▸ **Problem requirements**: From the line containing "河南省安阳市北关区人民法院执行案款拨付案外人公示" to the last line of the data, both included, transcribe each line exactly, leaving out pictures and adding nothing.

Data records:
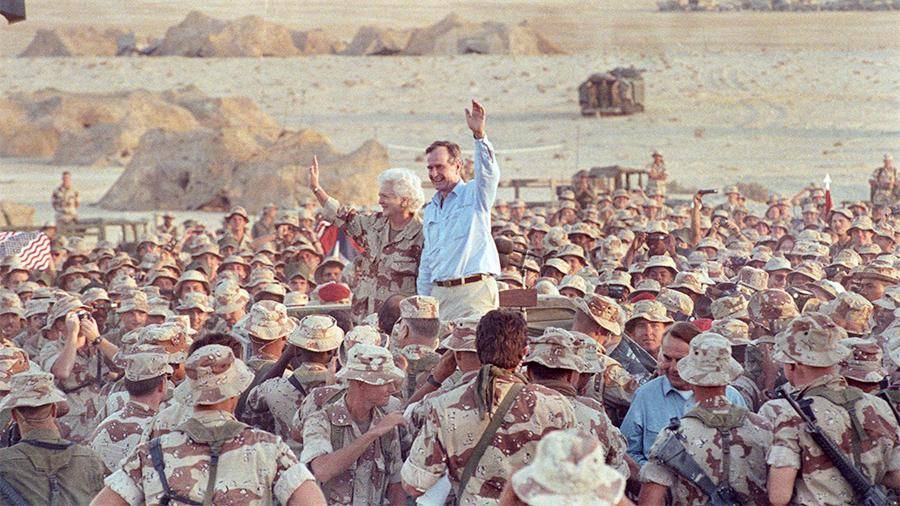 Президент США Джордж Буш среди морпехов США и бойцов британской 7-й бронетанковой бригады во время визита в саудовскую пустыню в 1990 году
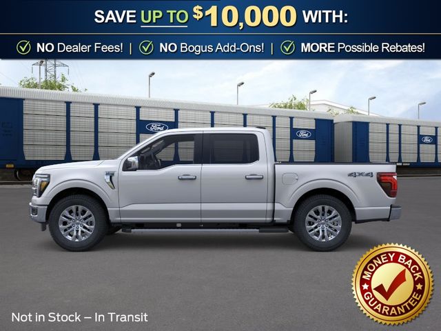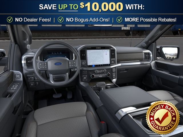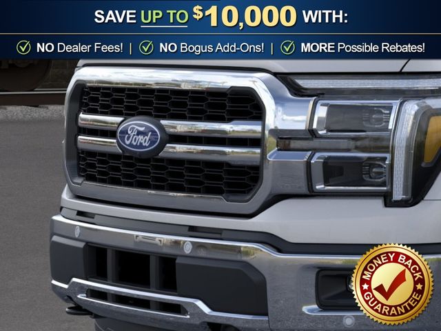 2026 Ford F-150 Lariat NFT Iconic Silver Metallic Lariat NFT 4WD 10-Speed Automatic 3.5L V6 EcoBoost 4WD, 4 Pickup Box Tie-Down Plates, 4-Wheel Disc Brakes, 8 Speakers, ABS brakes, ActiveX Trimmed Bucket Seats, ActiveX Trimmed Smoked Truffle Bucket Seats, Air Conditioning, Alloy wheels, AM/FM radio: SiriusXM with 360L, Auto High-beam Headlights, Auto-dimming door mirrors, Auto-dimming Rear-View mirror, Automatic temperature control, Bed Storage Boxes, Bed Utility Package, Brake assist, Bumpers: chrome, Chrome wheels, Compass, Console Worksurface, Delay-off headlights, Driver door bin, Driver vanity mirror, Dual front impact airbags, Dual front side impact airbags, Electronic Stability Control, Emergency communication system: SYNC 4 911 Assist, Ford Connectivity Package (1-Year Included), Front anti-roll bar, Front Bucket Seats, Front Center Armrest, Front dual zone A/C, Front fog lights, Front reading lights, Front wheel independent suspension, Fully automatic headlights, Garage door transmitter, Heated door mirrors, Heated front seats, Heated steering wheel, Illuminated entry, Integrated Trailer Brake Controller, Internet access capable: 5G Modem - Ford Connectivity Package, LED Box Lighting, Low tire pressure warning, Memory seat, Mobile Office Package, Navigation system: Connected Navigation, Occupant sensing airbag, Outside temperature display, Overhead airbag, Overhead console, Panic alarm, Partitioned Lockable Rear Storage, Passenger door bin, Passenger vanity mirror, Power door mirrors, Power driver seat, Power passenger seat, Power steering, Power windows, Radio data system, Radio: B&O Sound System by Bang and Olufsen, Rain sensing wipers, Rear reading lights, Rear seat center armrest, Rear step bumper, Rear window defroster, Remote keyless entry, Security system, Speed control, Split folding rear seat, Steering wheel mounted audio controls, SYNC 4 with Enhanced Voice Recognition, Tachometer, Tailgate Step with Work Surface, Telescoping steering wheel, Tilt steering wheel, Tow/Haul Package, Traction control, Trip computer, Turn signal indicator mirrors, Variably intermittent wipers, Ventilated front seats, Wheels: 18" Chrome-Like PVD, Wireless Charging, 4WD.
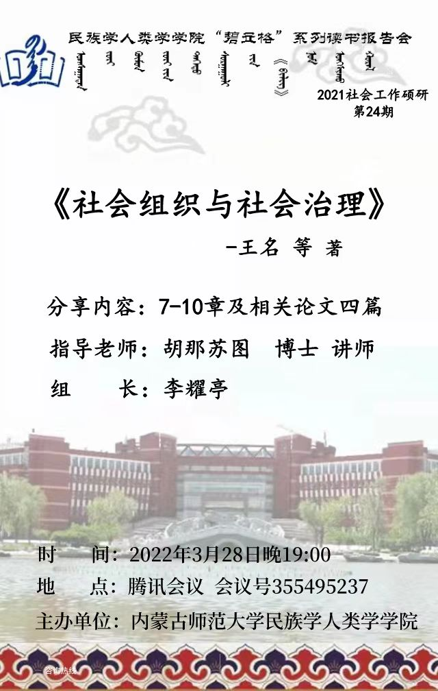 yl7703永利集团“碧立格”系列读书报告会预告 2021级社会工作硕士研究生第24期
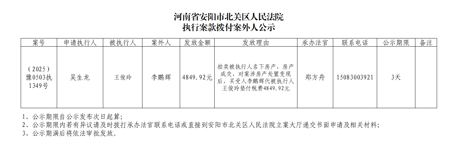 河南省安阳市北关区人民法院执行案款拨付案外人公示
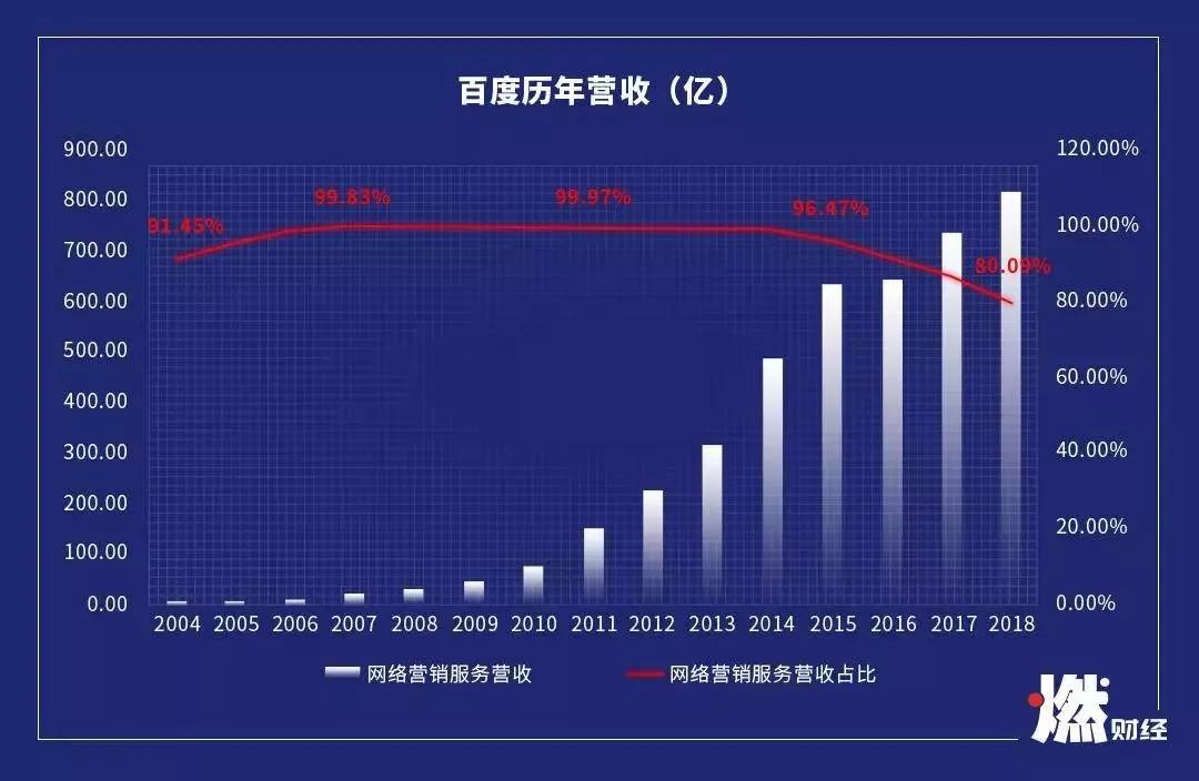 影响直接反映在了财报上,当年,百度的收入增速直降到6%,相比腾讯阿里近50%的增速少得可怜,市值628亿美元,比腾讯阿里低了三个身位,彻底掉队。之前一直为百度带来95%以上营收的竞价排名,还给了百度沉重的打击。

▸ **Solution below**:
 河南省安阳市北关区人民法院执行案款拨付案外人公示
 影响直接反映在了财报上,当年,百度的收入增速直降到6%,相比腾讯阿里近50%的增速少得可怜,市值628亿美元,比腾讯阿里低了三个身位,彻底掉队。之前一直为百度带来95%以上营收的竞价排名,还给了百度沉重的打击。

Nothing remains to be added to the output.